Hypersensitivity to tocilizumab or to any of the excipients.

Most common adverse reactions (incidence of at least 5%): upper respiratory tract infections, nasopharyngitis, headache, hypertension, increased ALT, injection site reactions.

Pregnancy Category- C. Animal reproduction studies have shown an adverse effect on the fetus and there are no adequate and well-controlled studies in humans, but potential benefits may warrant use of the drug in pregnant women despite potential risksLactation: Unknown whether distributed in breast milk, do not breast feed

Serious Infections- do not administer tocilizumab during an active infection, including localized infections. If a serious infection develops, interrupt tocilizumab until the infection is controlled. Gastrointestinal (GI) perforation- use with caution in patients who may be at increased risk. Hepatotoxicity- Monitor patients for signs and symptoms of hepatic injury. Modify or discontinue tocilizumab if abnormal liver tests persist or worsen or if clinical signs and symptoms of liver disease develop. Laboratory monitoring- recommended due to potential consequences of treatment-related changes in neutrophils, platelets, lipids, and liver function tests. Hypersensitivity reactions, including anaphylaxis and death have occurred. Live vaccines- Avoid use with tocilizumab.
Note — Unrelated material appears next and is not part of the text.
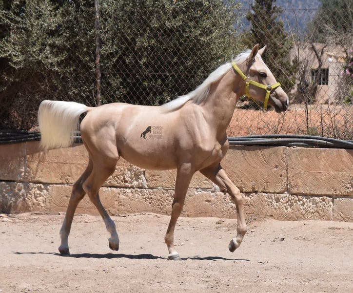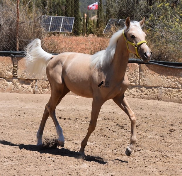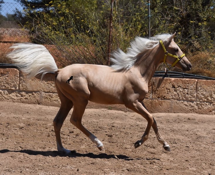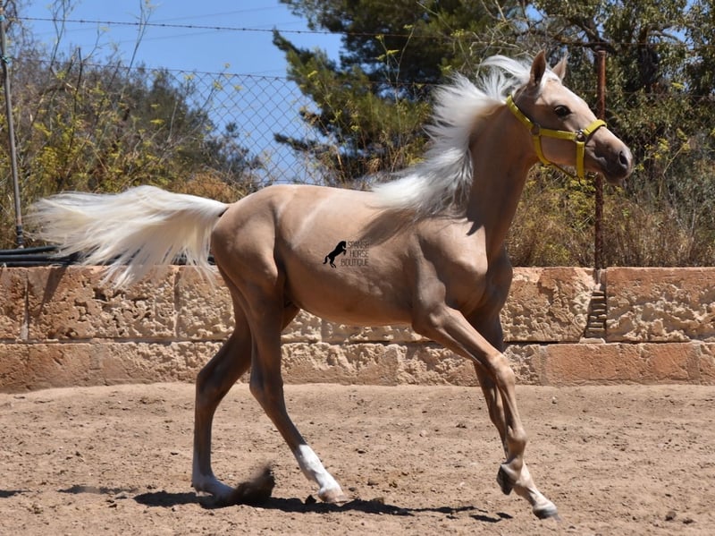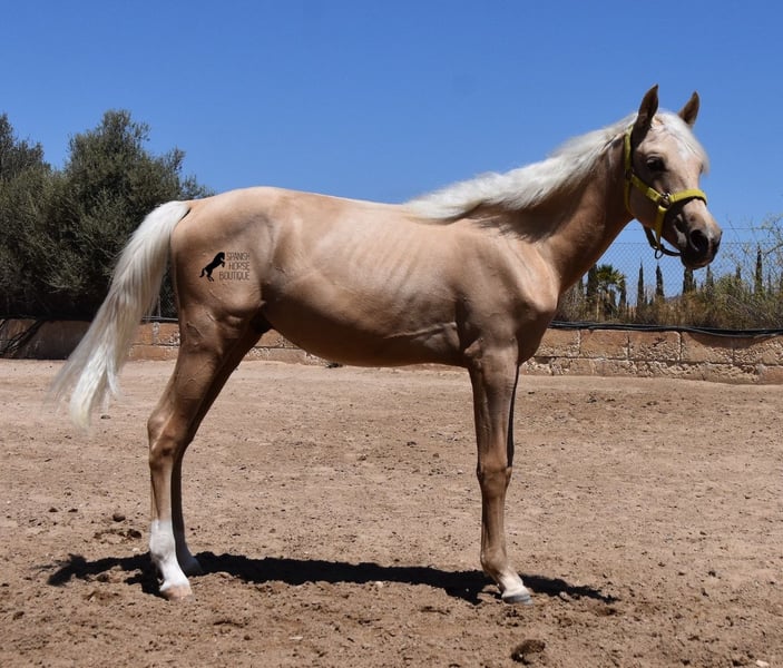 This golden treasure is very special on many levels. As an Azteca (or Aztec) he is a rarity in himself, because this wonderful breed, in his case by a Quarter dam and P.R.E. dad, does not come along very often. And then in the special color palomino, with a wonderful shimmer, what a jewel! But that's not the end of the special features, because this little rascal is already so light-footed and agile that he puts many big ones in the shade. The icing on the cake is that he is also an absolute cuddler! The breeder's daughter's favorite from birth, he's the spoiled darling, but you can't blame him for that - with his cute googly eyes, he simply wraps you around his finger straight away. When he then sweeps uphill, downhill and across the course, his already full mane in the wind, with his best movement, he definitely takes your breath away. The two white socks probably give his hind legs an extra boost, because he has very strong and agile hindquarters. On top of that, he is courageous and self-confident, typical of the breed, which will later make him predestined for working equitation, baroque riding, western and of course other disciplines. His expected final height is around 158cm and he is already chipped, so he will soon be ready to travel to your home to make your heart beat faster. He is currently in Mallorca! Videos and pedigree on request. I would be happy to organize an AKU, transport or even your trip if you come to see him in person. Details can be found on my website or in conversation. Saludos from Spain

There are limited data available on overdoses with tocilizumab. One case of accidental overdose was reported with intravenous tocilizumab in which a patient with multiple myeloma received a dose of 40 mg per kg. No adverse drug reactions were observed. No serious adverse drug reactions were observed in healthy volunteers who received single doses of up to 28 mg per kg, although all 5 patients at the highest dose of 28 mg per kg developed dose-limiting neutropenia. In case of an overdose, it is recommended that the patient be monitored for signs and symptoms of adverse reactions. Patients who develop adverse reactions should receive appropriate symptomatic treatment.
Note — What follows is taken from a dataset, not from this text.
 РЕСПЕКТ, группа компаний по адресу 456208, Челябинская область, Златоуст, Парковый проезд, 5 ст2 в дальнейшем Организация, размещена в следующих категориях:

Tocilizumab must be refrigerated at 2ºC to 8ºC. Do not freeze. Protect the vials, syringes, and autoinjectors from light by storage in the original package until time of use, and keep syringes and autoinjectors dry.
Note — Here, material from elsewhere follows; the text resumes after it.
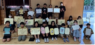 今朝は、表彰朝会がありました。 今回は、文化面で将棋、書道、絵はがき、ポスター、それからスポーツ面では、空手、テニス、水泳、野球、サッカー、ミニバスケットボールで活躍したみなさんが表彰されました。おめでとうございます。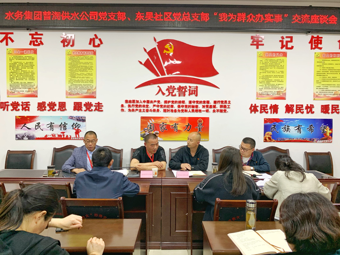 公司将“为群众办实事”实践活动作为优化营商环境的重要方面,与“五心利万家”党建品牌建设深度融合,做实做细党建品牌内涵。为满足用户对二次供水、水质水压等方面的需求,切实解决突发爆管后的用水难题,公司成立了相应的党员技术服务队和应急送水服务队,最大限度为用户提供技术服务,满足用户用水需求。针对高龄独居老人、残疾人等特殊群体,公司还鼓励党支部加强与社区对接,解决其实际用水困难。同时,公司大力实施“五心利万家”党建品牌中的“贴心服务”行动,通过采取提高用水报装效率、完善网上营业厅等一系列措施,实现供水业务受理同城通办、一网通办、就近办、马上办、一次办。

Drugs used for Rheumatoid Arthritis

Tocilizumab binds to both soluble and membrane-bound IL-6 receptors (sIL-6R and mIL-6R), and has been shown to inhibit IL-6-mediated signaling through these receptors. IL-6 is a pleiotropic pro-inflammatory cytokine produced by a variety of cell types including T- and B-cells, lymphocytes, monocytes and fibroblasts. IL-6 has been shown to be involved in diverse physiological processes such as T-cell activation, induction of immunoglobulin secretion, initiation of hepatic acute phase protein synthesis, and stimulation of hematopoietic precursor cell proliferation and differentiation. IL-6 is also produced by synovial and endothelial cells leading to local production of IL-6 in joints affected by inflammatory processes such as rheumatoid arthritis.

Based on animal data, may cause fetal harm. Discontinue drug or nursing taking into consideration importance of drug to mother.